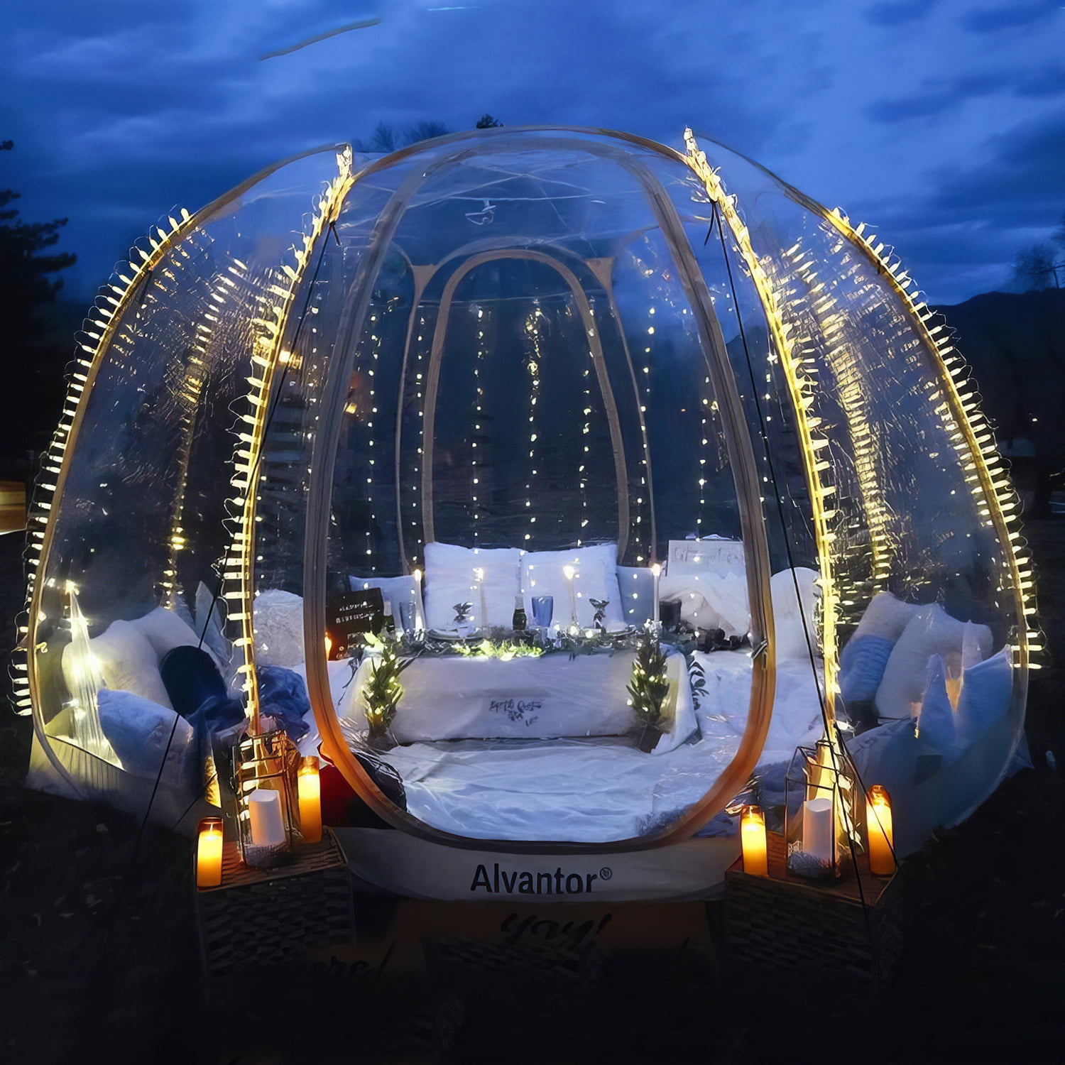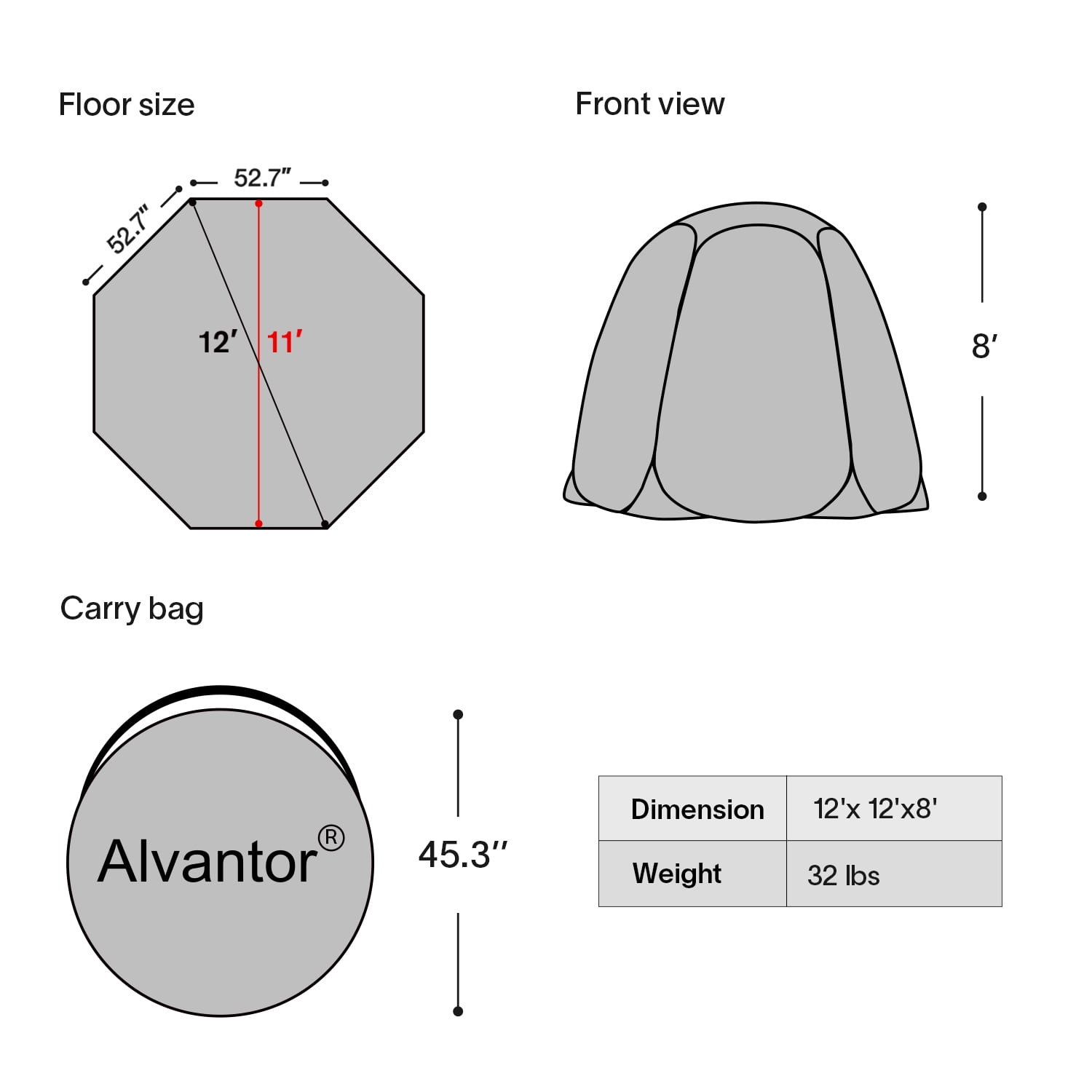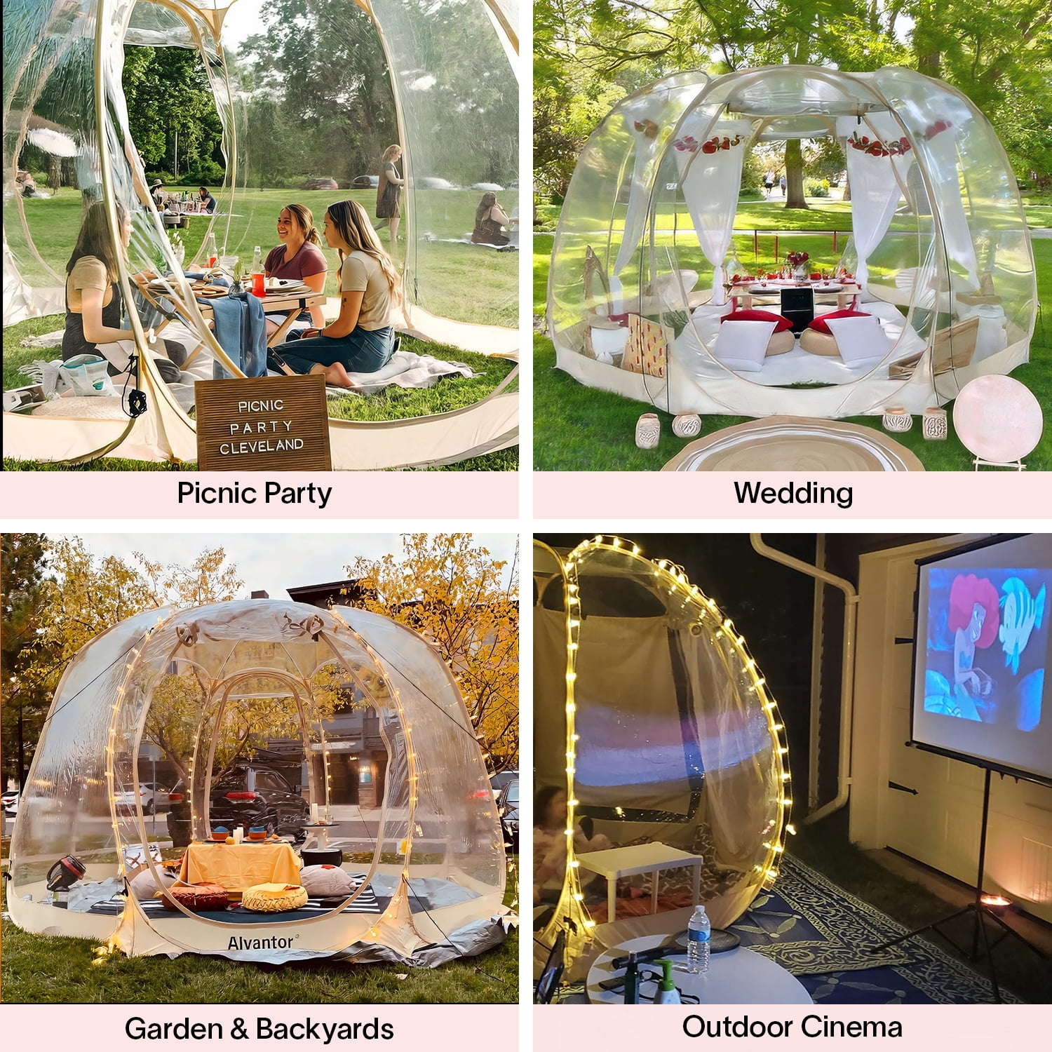 YOUR OWN PERSONAL BUBBLE: An automatic pop-up, no assembly needed igloo tent perfect for setting boundaries between you and others out in public or in the privacy of your own space. This clear bubble tent is simply pop-up and secure, enjoy the personal space to the fullest. POP-UP BUBBLE TENT THAT FOLDS DOWN: Innovative fiberglass ribs of this winter tent pop up in seconds with little assembly required thereafter. Choose to secure down this patio gazebo to the ground with sandbags or guylines, and enjoy in your backyard, garden, or hosting small parties and events. Once you’re finished, fold the igloo tent down and store in the carry case. PATENT PENDING PROTECTED ALVANTOR DESIGN: This winter screen house measures at (Width: 12’, Depth: 12’, Height: 8’) and comes with a compact carry bag. Weighing just 32 lbs, this pop up igloo tent has a innovative folding technique making it easy to fold down and store back in the carry bag. Ready to go in minutes with this outdoor igloo tent dome! SPACIOUS AND WARM: Alvantor big bubble gazebo provides a spacious interior shelter that comfortably fits between eight and ten adults. This gazebo tent has enough room to place various pieces of furniture so you can give your bubble tent a homely feeling. The eight, transparent PVC windows provide 360° view of your surroundings, whilst the inside of your bubble tent stays warm thanks to the excellent heat retention. PACKED FULL OF ADDITIONAL FEATURES: Two windows on the top provide ventilation to let your pop up bubble breath, along with waterproof covers to protect against the rain or snow. This patio tent features internal hooks to hang coats or bags, and additional support features to increase stability during windy weather. This werather proof pod has two large entrance doors with double side silicone zippers, allow easy access from inside and out. 1 Year 100% SATISFACTION GUARANTEE: Alvantor is a U.S. based company which is located in Los Angeles, CA. Trademark is registered, if you have any question about Alvantor Tent, please contact us 626-542-3420.
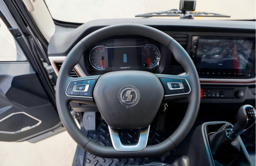 同时,车辆内部的设计同样细腻入微,尽显关怀。气囊主座椅采用皮质材质,配备扶手及分体式头枕,打造出舒适的驾乘空间。多功能组合方向盘操作便捷,增强了安全性。其中定速巡航功能,让卡友在长途跋涉时轻松减负;而10吋多媒体大屏与倒车影像的搭配,让驾驶更舒心、安全。此外,自动恒温空调的应用,进一步提升了驾驶的愉悦感,让卡友享受到轿车级舒享驾乘体验。
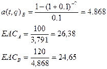 В данном случае критерием оценки будут эквивалентные годовые расходы (ЕАС), которые вычисляются по формуле:
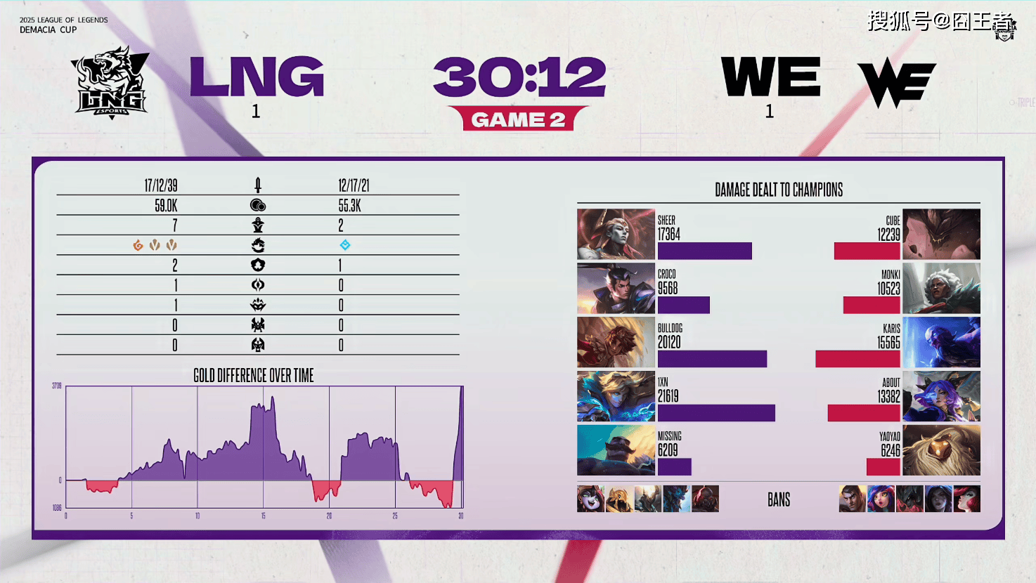 结果第二局比赛,两队打出了经典翻转,LNG笑到最后。比赛前期,LNG一度打出优势,比赛第16分钟左右,Monki安蓓萨三杀同时中路芸阿娜对位单杀,WE一波打出0换4抹平劣势;比赛第21分钟左右,LNG再度打出1换3,此后LNG逐渐扩大优势;最终比赛第30分12秒,LNG中路一波0换3后结束比赛。
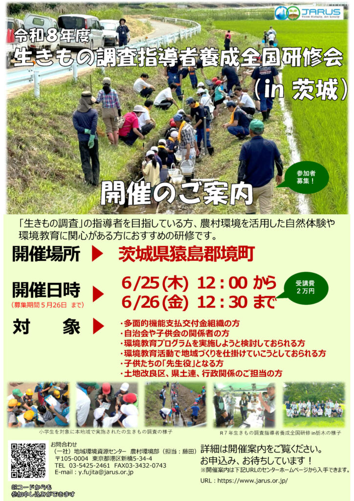 一般社団法人 地域環境資源センター主催の「生きもの調査指導者養成全国研修会(in 茨城)」が開催されます。

*WHAT YOU ARE ASKED TO DO*
Give back the listing exactly, without a single picture.

*SOLUTION TO THE EXERCISE*
 YOUR OWN PERSONAL BUBBLE: An automatic pop-up, no assembly needed igloo tent perfect for setting boundaries between you and others out in public or in the privacy of your own space. This clear bubble tent is simply pop-up and secure, enjoy the personal space to the fullest. POP-UP BUBBLE TENT THAT FOLDS DOWN: Innovative fiberglass ribs of this winter tent pop up in seconds with little assembly required thereafter. Choose to secure down this patio gazebo to the ground with sandbags or guylines, and enjoy in your backyard, garden, or hosting small parties and events. Once you’re finished, fold the igloo tent down and store in the carry case. PATENT PENDING PROTECTED ALVANTOR DESIGN: This winter screen house measures at (Width: 12’, Depth: 12’, Height: 8’) and comes with a compact carry bag. Weighing just 32 lbs, this pop up igloo tent has a innovative folding technique making it easy to fold down and store back in the carry bag. Ready to go in minutes with this outdoor igloo tent dome! SPACIOUS AND WARM: Alvantor big bubble gazebo provides a spacious interior shelter that comfortably fits between eight and ten adults. This gazebo tent has enough room to place various pieces of furniture so you can give your bubble tent a homely feeling. The eight, transparent PVC windows provide 360° view of your surroundings, whilst the inside of your bubble tent stays warm thanks to the excellent heat retention. PACKED FULL OF ADDITIONAL FEATURES: Two windows on the top provide ventilation to let your pop up bubble breath, along with waterproof covers to protect against the rain or snow. This patio tent features internal hooks to hang coats or bags, and additional support features to increase stability during windy weather. This werather proof pod has two large entrance doors with double side silicone zippers, allow easy access from inside and out. 1 Year 100% SATISFACTION GUARANTEE: Alvantor is a U.S. based company which is located in Los Angeles, CA. Trademark is registered, if you have any question about Alvantor Tent, please contact us 626-542-3420.
 同时,车辆内部的设计同样细腻入微,尽显关怀。气囊主座椅采用皮质材质,配备扶手及分体式头枕,打造出舒适的驾乘空间。多功能组合方向盘操作便捷,增强了安全性。其中定速巡航功能,让卡友在长途跋涉时轻松减负;而10吋多媒体大屏与倒车影像的搭配,让驾驶更舒心、安全。此外,自动恒温空调的应用,进一步提升了驾驶的愉悦感,让卡友享受到轿车级舒享驾乘体验。
 В данном случае критерием оценки будут эквивалентные годовые расходы (ЕАС), которые вычисляются по формуле:
 结果第二局比赛,两队打出了经典翻转,LNG笑到最后。比赛前期,LNG一度打出优势,比赛第16分钟左右,Monki安蓓萨三杀同时中路芸阿娜对位单杀,WE一波打出0换4抹平劣势;比赛第21分钟左右,LNG再度打出1换3,此后LNG逐渐扩大优势;最终比赛第30分12秒,LNG中路一波0换3后结束比赛。
 一般社団法人 地域環境資源センター主催の「生きもの調査指導者養成全国研修会(in 茨城)」が開催されます。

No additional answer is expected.